A knock at his bedroom door jarred him.
Who was in his house? Had the Red Man sensed Therese enter this world and come to claim her, the way he had a few other times?
Jax readied his knife and yanked his door open.
“Jax, we been looking for you,” his brother said.
Rene’s jaw dropped at the sight of the girl on the bed. Jax glanced around his room, aware of how unnatural everything would appear to someone else. Veves in blood covered the walls and floor, and he’d built a shrine in each corner to a different god or goddess. The room smelled of herbs from the rite and death. The blonde was bound spread eagle on his bed in her underwear.
“What happened?” Rene managed, his voice hushed. “Is she alive?”
“No.”
Rene stared at him, his shock rendering him frozen.
If he was any other member of OL, Jax would kill him where he stood. But he couldn’t, not his brother. He’d already lost the love of his life. He’d never hurt Rene, aside from their occasional scuffle over the crew’s business that ended in a fistfight.
“It’s not what you think,” Jax said. He was almost too exhausted to care that the person he trusted most in the world had found out one of his secrets.
Rene was gazing at him, waiting for an explanation.
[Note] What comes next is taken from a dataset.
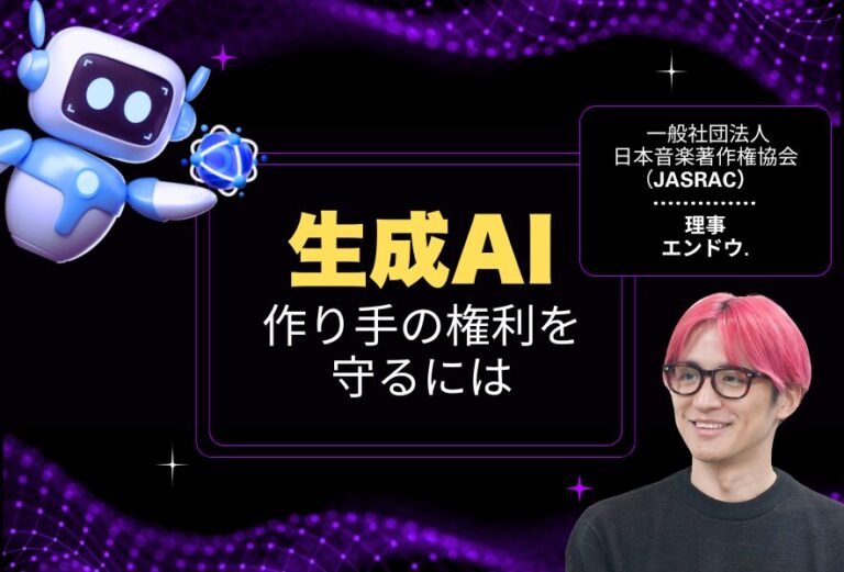生成AIは多くの人にとって役立つツールに進化する一方で、声優の声やイラストレーターの描いた絵、ミュージシャンの作った曲などが無断で学習され使われていることが問題視されている。生成AIによる権利侵害を防ぎ、クリエイターを守るためにはどうすればいいだろうか。JASRACの理事でミュージシャンのエンドウ.さんに聞いた。

Jax knew he could lie, and Rene would choose to believe him, even if they both knew it wasn’t the truth.
When had his brother turned into a man? Jax didn’t recall seeing Rene grow. His little brother had been under his guardianship since he was ten, when their father ran off and their mother’s illness constrained her to a wheelchair. Rene dropped out of school when he was thirteen, and Jax had taught him to survive on the streets.
Jax still saw the little boy Rene had been, every time he looked at his brother. But Rene wasn’t a boy. He was a man who had done his fair share of killing and stealing to keep their community and House safe.
“Will you say the dessonet prayers with me?” Jax asked, referring to the final set of prayers meant to help the spirit leave the body for good. “Whatever you think of me right now, she deserves that much.”
Rene said nothing, but Jax knew his brother wouldn’t turn him down. It was a miracle he’d managed to hide what he did for five years from Rene.
He pulled a squeeze bottle of herbs and powders mixed together then drew the veve of Baron Samedi and his family’s guardian, Ogoun, on the woman’s body. When he finished, he knelt beside the bed and bowed his head.
After a moment, Rene joined him.
They murmured the final prayers quietly, asking their ancestors and hers to help the woman’s spirit transition out of her body as gently as possible.
The woman sighed suddenly in death, a sign her spirit was leaving her.
Jax rose. Freeing her spirit was the least he could do for the woman he didn’t mean to murder.
“Will you call Deputy Brannon?” he asked Rene, who hadn’t said anything yet.
“Yeah. Tell him the usual? Drug overdose?”